The monster realm has recently been in serious need of a revolution. In literature, vampires have become glittery and angsty. In film, monsters are so digitized that they should be placed in a Nickelodeon animated series. So, this fresh, new comic could not have dropped at a better time. Mark L. Miller, of Ain’t It Cool News, has written his first comic, Luna: Order of the Werewolf. He’s reintroduced werewolves as monsters, but with a very original twist: they’re intelligent, they’re religious, and they’re organized. The comic is available in stores now. Hit the jump for an exclusive interview with Mark himself!

KtMc: “First of all, I must say that I thoroughly enjoyed the first installment.

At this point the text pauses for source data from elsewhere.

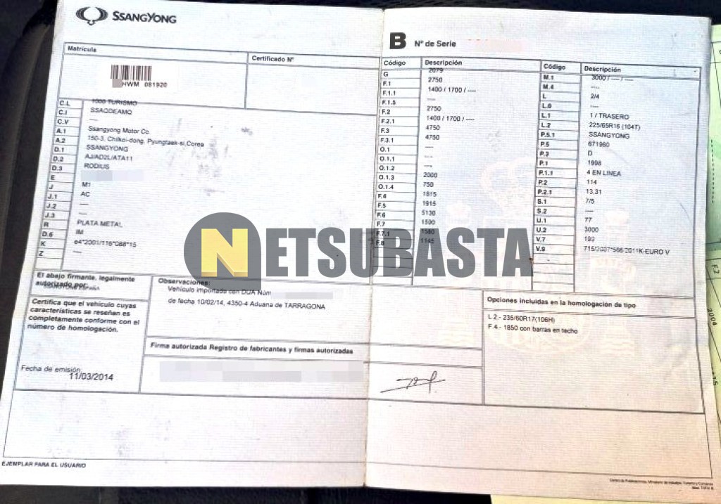 Subasta de SsangYong Rodius 2.0 eXdi 2014 Averiados, Marca SsangYong, Modelo Rodius 2.0 eXdi, Combustible Diésel, Kilometraje 250.000 KM, Fecha 1ª matriculación 04/2014, Matrícula ****HWM, Color Exterior , Color Interior , IVA REBU y Ubicación Cádiz.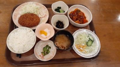 参考までにこの日の夕食はメンチカツと酢豚の定食でした。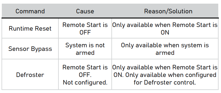 If the remote start command fails, the 2-Way remote will emit a ‘Remote Start Fault’ tone. Ensure that all point of entry zones are closed and that the alarm has not been triggered. If remote start commands continue to fail, see your Authorized Dealer.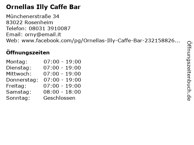 | Öffnungszeiten Ornellas Illy Caffe Bar in Rosenheim anzeigen | |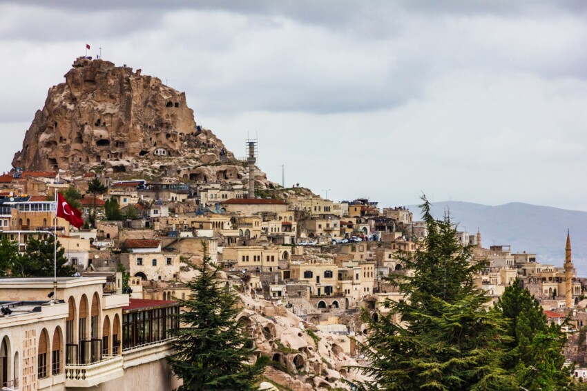 Une autre petite ville très fascinante de Cappadoce est Uchisar, un village tranquille situé à 5 km de Goreme et qui a été presque entièrement creusé dans le tuf. En plus de se promener dans les petites rues de la citadelle, où de nombreuses maisons ont été transformées en boutiques, magasins ou petits hôtels de charme, il est également possible de visiter ici le Château d’Uchisar (Kale). La forteresse a été construite sur le sommet d’un éperon rocheux et domine depuis le territoire urbain, offrant à ses visiteurs des panoramas spectaculaires sur toute la région environnante.

Could you give just a brief gist for the readers (without giving away too much, of course)?”

MARK L. MILLER: “LUNA: ORDER OF THE WEREWOLF is about a werewolf named Andres Sangre who opened his eyes one day and realized that he was part of a dying species, so he did something about it and gathered as many werewolves as he could and built a sanctuary in the mountains of South America for all of them to live in peace. Given that lycanthropy is all about chaos, he tries to foster as much order as he can by starting a monastery consisting of werewolf monks, trying desperately to abstain from hunting humans. Living in seclusion, this is working out pretty well for Andres and the rest of the werewolves until a group of mountain climbers happen upon the same mountain and throws everything back into chaos.”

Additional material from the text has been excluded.